__Dataset extract__.
Content starts

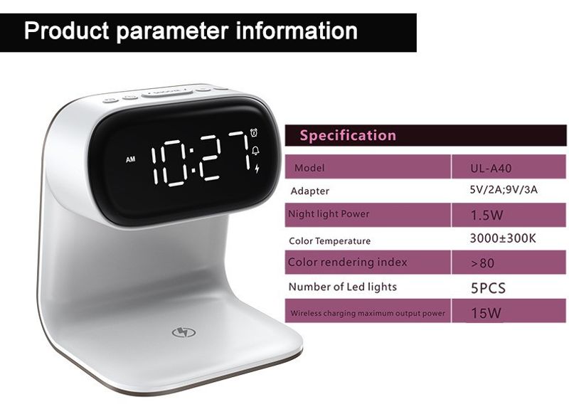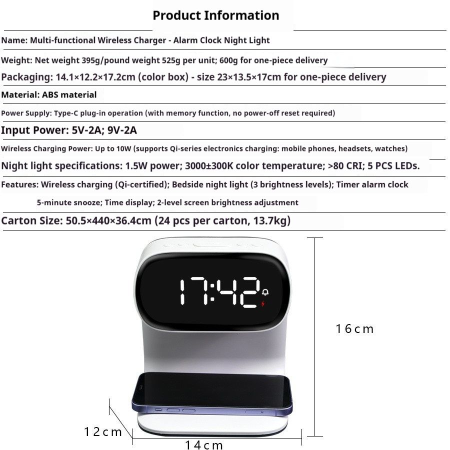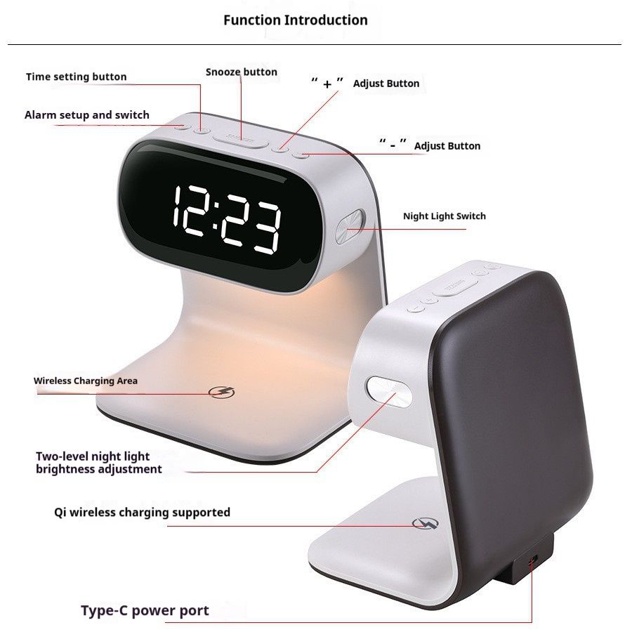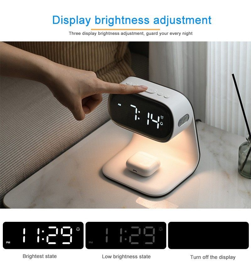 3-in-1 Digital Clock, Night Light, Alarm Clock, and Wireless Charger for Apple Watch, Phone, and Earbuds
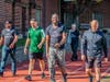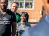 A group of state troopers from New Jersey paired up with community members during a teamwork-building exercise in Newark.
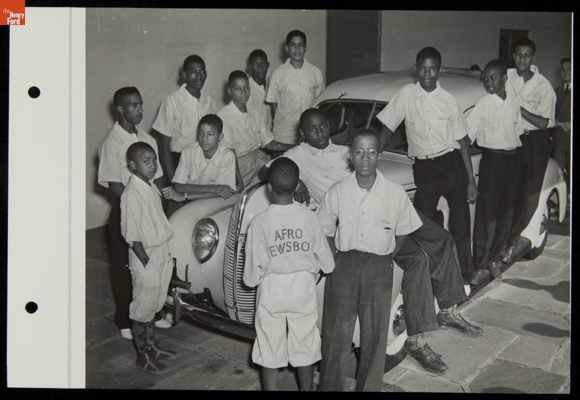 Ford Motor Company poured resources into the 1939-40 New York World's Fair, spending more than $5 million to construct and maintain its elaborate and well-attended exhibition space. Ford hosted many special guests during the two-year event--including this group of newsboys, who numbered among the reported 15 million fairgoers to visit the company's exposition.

Content ends

__Exercise directions__. Retype exactly, please, the span from the line holding "A group of state" through the closing line of the data, both ends included, without the pictures.

__Solution to the problem__.
 A group of state troopers from New Jersey paired up with community members during a teamwork-building exercise in Newark.
 Ford Motor Company poured resources into the 1939-40 New York World's Fair, spending more than $5 million to construct and maintain its elaborate and well-attended exhibition space. Ford hosted many special guests during the two-year event--including this group of newsboys, who numbered among the reported 15 million fairgoers to visit the company's exposition.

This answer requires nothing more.